Spotless version 12 out now

A road sign to illustrate version 12 of Spotless' Data Integration solution

Version 12 of Spotless Data's unique browseable API Machine Learning Filters for data quality you can trust.

We are excited and delighted to announce the long-awaited and vasttly improved release of version 12 of Spotless Data's unique, browseable API solution to your rogue data issues. A major update to our service which ensures data quality you can trust again every time, thanks to our new improved Machine Learning filters which seamlessly filter out any dirty data and replace them with spotlessly clean data ready for use. We do this by allowing you the client to implement specifications which you have stipulated on your My Filters page, which you need to be logged in to see or if you have not used our service before please sign-up using your email address, Facebook, Google or GitHub accounts and give our service a try.
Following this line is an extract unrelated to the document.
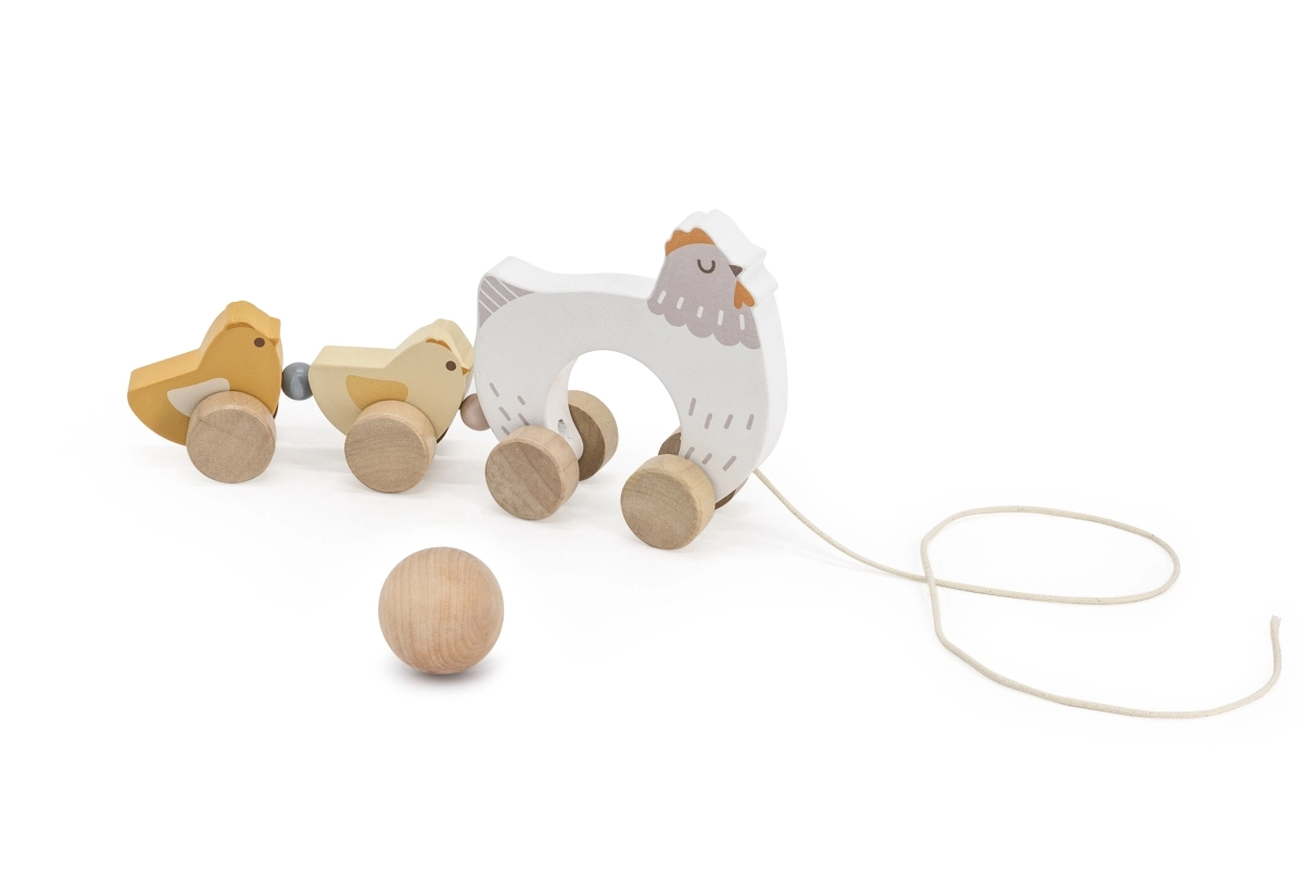 - trække-legetøj med snor, gyngende kyllinger, aftageligt æg

We are sure you'll be impressed.

As a part of our version 12 release we have also just published this youtube video explaining in a clear, easy-to-understand manner how to use these filters. They learn through Machine Learning from their own experience of data cleaning and are therefore particularly useful to clients who keep coming back to have their new data cleaned or who have incorporated our API into the entry point to their data warehouse or data lake in order to ensure these work perfectly. So prepare to say goodbye to rogue data!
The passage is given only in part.